30 F. Supp. 3d 1200
D.N.M.2014Background
- Defendant Kevin Nolf pled guilty to possession with intent to distribute ≥100 kg marijuana and conspiracy (21 U.S.C. §§ 841, 846); PSR recommended career-offender treatment under U.S.S.G. § 4B1.1 based on a 2000 felony drug sale conviction (Arizona) and a 2004 aggravated assault.
- Without the career-offender adjustment Nolf would have had CHC III (6 points) and an offense level yielding 57–71 months; with career-offender he was placed in CHC VI and the Guidelines produced a much higher range.
- The United States moved under U.S.S.G. § 5K1.1 for a 12-level downward departure for substantial assistance; PSR accounted for a 3-level reduction for acceptance of responsibility.
- Key disputed legal questions: applicability of the career-offender guideline to Nolf; sequencing of § 5K1.1 departures versus § 3553(a) variances (i.e., whether variances may be applied so as to permit a sentence below a statutory mandatory minimum); and whether Nolf merits downward variance(s) for diminished capacity and for harms he suffered cooperating with the government.
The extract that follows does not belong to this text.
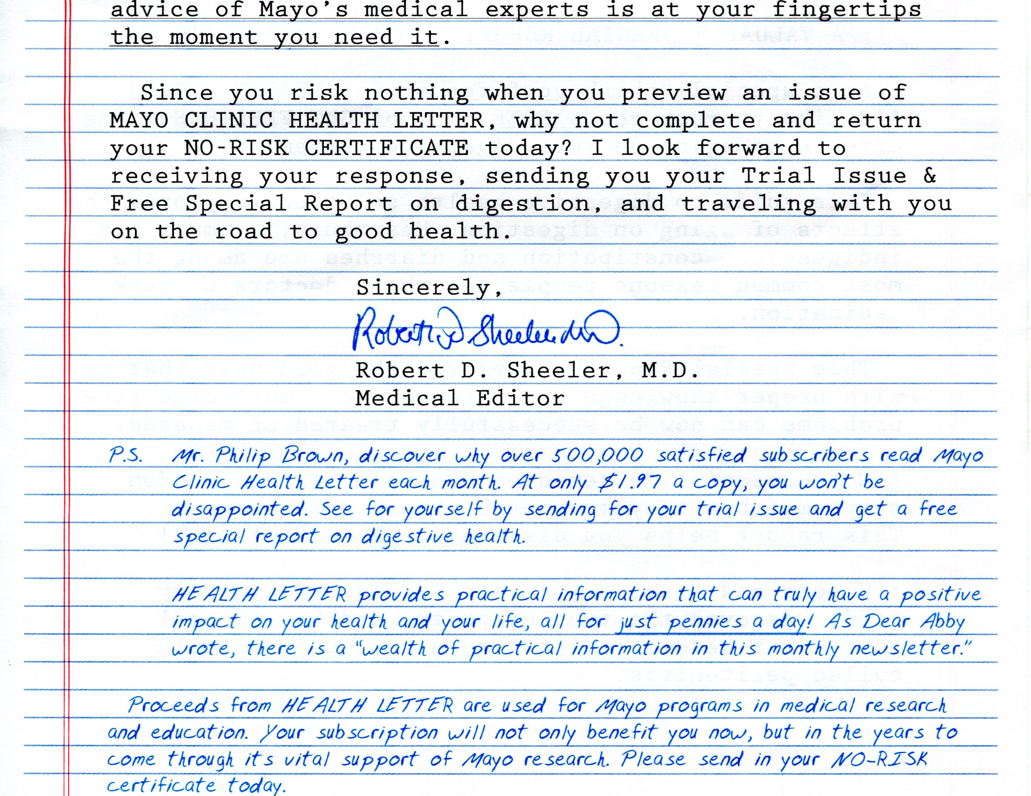 To dispel any last doubts about the Mayo brothers, they have also included a brochure on the Mayo Clinic just in case I had been hiding in a duck blind too long.   Plus a Post-It note stuck onto the letter quoting readers who bragged about how the newsletter fixed their swollen joints, their riled digestion and unbending digits.

- The court granted the government’s § 5K1.1 motion, applied the career-offender guideline, then varied downward the maximum extent allowed by law — imposing the 60‑month statutory minimum (5 years) after a 3‑month variance from the 63–78 month Guideline range produced post-departure.
Issues
| Issue | Plaintiff's Argument | Defendant's Argument | Held |
|---|---|---|---|
| Applicability of career-offender enhancement (U.S.S.G. § 4B1.1) | Career-offender guideline valid and applies to Nolf given two qualifying prior felonies | Nolf argued the career-offender guideline is empirically unsound and courts may decline to apply it post-Booker; also argued state drug conviction should not count under 28 U.S.C. § 994(h) | Court applied § 4B1.1: Nolf meets its elements; the guideline tracks Congress’ directive in § 994(h) and the Commission permissibly included state drug felonies; any disagreement must be addressed by variance, not by refusing to apply the guideline first |
| Sequence: may court apply variances before a § 5K1.1 departure to permit sentence below statutory minimum? | Nolf: variances should be considered first so combined effect with § 5K1.1 can lawfully produce a sentence below statutory minimum; Booker permits such flexibility | U.S.: courts must follow Guideline sequence; § 3553(e) permits below-minimum sentences only to reflect substantial assistance under Guidelines; variances cannot be used to evade statutory minimum absent § 5K1.1 conformity | Court held the three-step sequence (Guidelines chapters 2–4 → Guidelines departures including §5K1.1 → §3553(a) variances) governs; § 3553(e) authorizes below-minimum sentences only when imposed in accordance with the Guidelines, so variances cannot be used to bypass statutory minimums; thus court applied §5K1.1 first and could only vary down to the 60‑month statutory minimum |
| Diminished-capacity variance | Nolf sought a downward variance based on psychiatric evaluation diagnosing Bipolar I and reduced capacity contributing to offense | U.S. contested credibility/methodology of expert and pointed to defendant’s sophistication and active criminal enterprise | Court acknowledged mitigating mental‑health and background factors and granted a limited downward variance but only to the extent permitted by law (resulting in 60 months) |
| Variance/additional reduction for harms from cooperation (attack in jail) | Nolf sought additional variance or §5K1.1 benefit for physical danger and hardships suffered due to cooperation | U.S. acknowledged assistance but limited its §5K1.1 request to a 12-level departure and opposed further variance beyond that | Court credited the assistance (granted the §5K1.1 departure) and considered request for protective placement at designation; any additional variance was constrained by statutory minimum and court reduced sentence only to 60 months |
Key Cases Cited
- United States v. Booker, 543 U.S. 220 (2005) (mandatory Guidelines severed; Guidelines are advisory and courts must consult § 3553(a))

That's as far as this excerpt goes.